Джером К. Джером — ‘Во что обходится любезность и другие юмористические рассказы’. Второе издание.
Книгоиздательство ‘Польза’, В. Антик и Ко, Москва, 1912 г.
Перевод: М. Розенфельд
OCR, spell check и перевод в современную орфографию: Оскар Уайльд
Ричард Дэнкерман и я были старыми школьными товарищами, поскольку можно назвать товарищами молодого джентльмена, перешедшего уже в шестой класс и ежедневно являющегося в училище в коляске и перчатках, и (позор четвертого класса!) в шотландской кепке.
В те дни между нами возникла известная холодность, вызванная поэмой, которую я сочинил и сам же пел при случае в память о довольно прискорбном событии, случившемся как-то в день роспуска на каникулы, и которая, если не ошибаюсь, начиналась так:
Дикки Дэнкерман, простак,
Вечно попадет впросак.
Лишь один стакан винца
Одурманил молодца…
Холодность эта поддерживалась грубой критикой моего поэтического произведения со стороны Дика, для каковой критики он пользовался твердой частью колена, — но впоследствии мы познакомились ближе и полюбили друг друга. Я занялся журналистикой, а он в течение многих лет был неудачником адвокатом и не менее горемычным драматургом. Но как-то весной он к всеобщему удивлению сумел создать ‘гвоздь сезона’ — невозможную маленькую комедию, полную благородных чувств и веры в человеческою природу. Несколько месяцев спустя после постановки этой пьесы, он впервые познакомил меня с его благородием, господином Пирамидой.
В то время я был влюблен. Звали ее, кажется, Ноэмией, и я чувствовал потребность поговорить о ней с кем-нибудь. Дик пользовался репутацией человека, интересующегося чужими любовными делами. Он был в состояния часами выслушивать бредни влюбленного, занося при этом краткие заметки в толстую записную книжку в красном переплете. Все мы, разумеется, знали, что он пользуется нашими излияниями, как материалом, для своих пьес, но мы ничего не имели против этого, лишь бы он вас слушал. Я надел шляпу и отправился к нему.
С четверть часа мы рассуждали о безразличных вещах, а затем я сел на своего конька. — Я уже исчерпал тему о её красоте и доброте и дошел до собственных чувств — распространяясь насчет моего безумия, если я когда-либо раньше воображал, что люблю, насчет невозможности когда-либо полюбить другую женщину, насчет моего желания умереть с её именем на устах — когда Дик наконец поднялся. Я думал, что он хочет по обыкновению достать свою записную книжку. Но он направился к двери, открыл ее — и в комнату вошел самый большой и красивый черный кот, какого и когда-либо видал. Нежно мурлыкая, кот вскочил к Дику на колени и уселся там, наблюдал за мной, а я продолжал свою речь.

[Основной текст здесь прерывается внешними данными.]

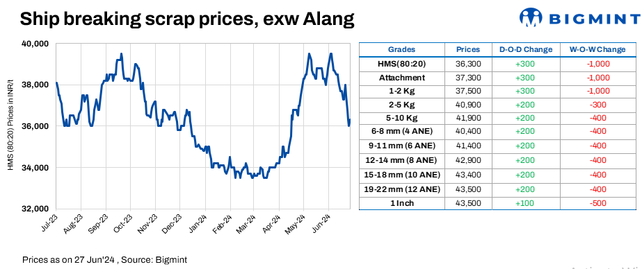 Ship-breaking melting scrap prices in Gujarat’s Alang increased by INR 300/t d-o-d on 27 June’24, as per BigMint’s assessment. HMS (80:20) prices were assessed at INR 36,300/t ($435/t) exy. During the second half of yesterday’s trading session, semi-finished steel prices increased in the region. Additionally, strong buying inquiries for scrap from induction furnace mills in Bhavnagar prompted scrap suppliers to raise their offers today.
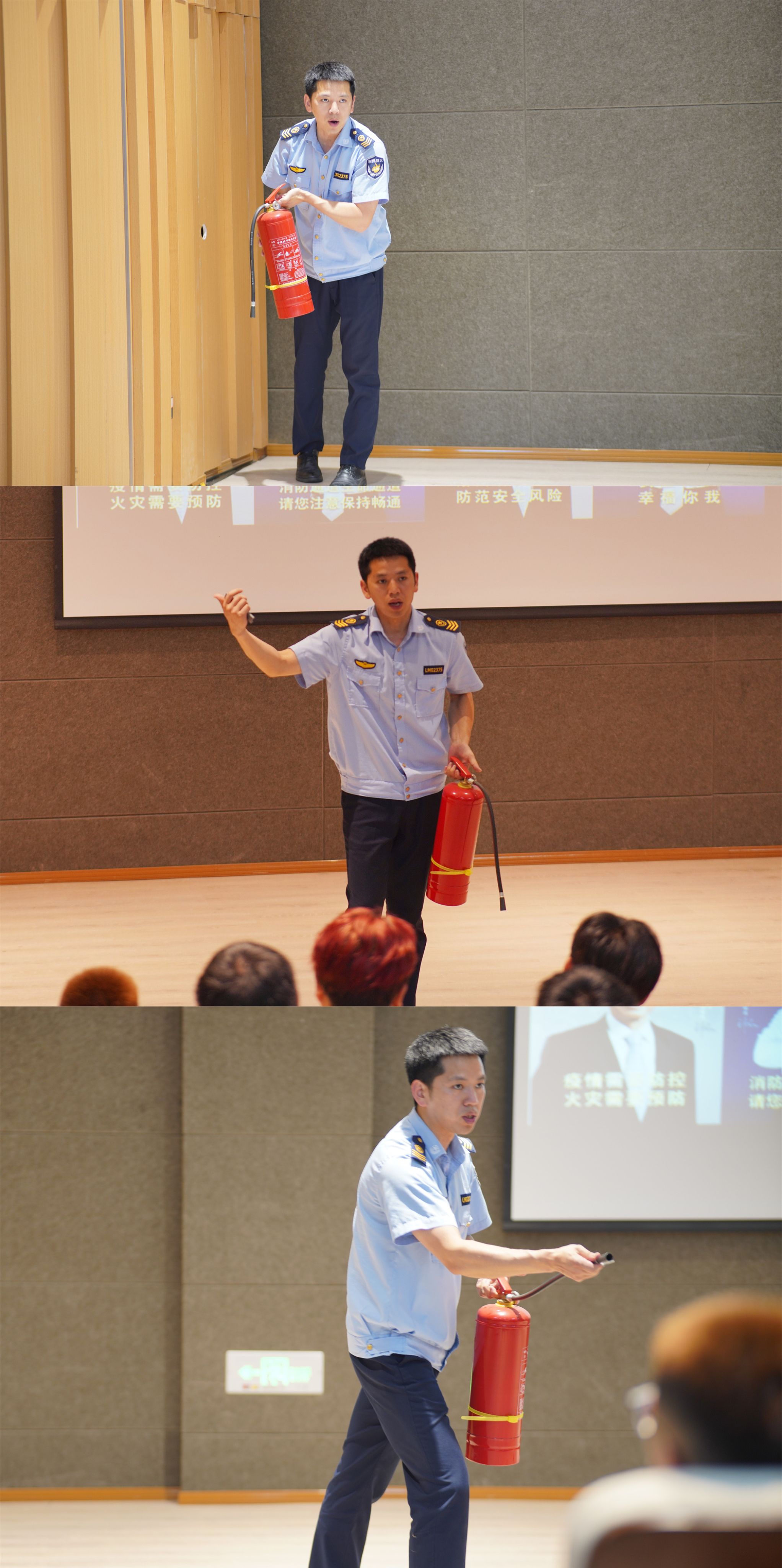“防止发生火灾的关键,是做好火灾的预防”。在对自保问题进行了讨论后,熊教官就“如何预防火灾、如何应对火灾”这一命题展开论述,带领同学们排查自己所处环境(教室、宿舍、家中等)的火灾安全隐患,如环境是否置办烟感器、学生是否清晰环境中电闸及消火栓所在位置等。随后,熊教官向同学们示范了灭火器的正确使用方法,讲解了灭火器使用期间的注意事项,如切忌忘拔保险销、需手握喷嘴以便控制喷射方向等。
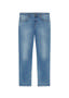 Kemi gallabuxur úr hágæða lífrænni bómullarblöndu með þægilegu cross-hatch gallaefni í fallega bláum lit. Örlítið teygjanlegt efni sem tryggir að buxurnar passi vel. Nútímalegt regular fit í klassísku fimm vasa sniði með beinum skálmum, lágar í mittið og venjuleg sídd. Einkennandi atriði: málmhnappur með lógó, rennilás og ekta leðurmerki á streng. Framleiddar með sjálfbærni að leiðarljósi – allt frá hráefnum til litunar og þvottaleiðbeininga.

Несколько минут спустя Дик прервал меня:
— Ты, кажется, говорил, что её зовут Ноэмией?
— Да, — отозвался я, — а что?
— Нет, ничего, — ответил он. — Но сию минуту ты назвал ее Энидой.
Это было очень странно, ибо я уже много Лет не видал Эниды и совсем забыл о её существовании. Как бы то ни было, это обстоятельство отняло у беседы весь блеск. Через двенадцать фраз Дик опять остановил меня:
— Кто такая Юлия?
Я начал раздражаться, Юлия была некая кассирша в ресторане, едва не вовлекшая меня в женитьбу, когда я выходил из отроческого возраста. Меня бросило в краску при одном воспоминании о нелепых, наивных бреднях, которые я хрипло шептал в её напудренное ухо, сжимая на прилавке её вялую руку.
— Неужели я сказал Юлия? — довольно резко спросил я. — Или ты шутишь?
— Ты, безусловно, только что упомянул о ней, как о Юлии, — кротко ответил он. — Но всё равно, продолжай, как тебе угодно. Я уж буду знать, о ком ты говоришь. .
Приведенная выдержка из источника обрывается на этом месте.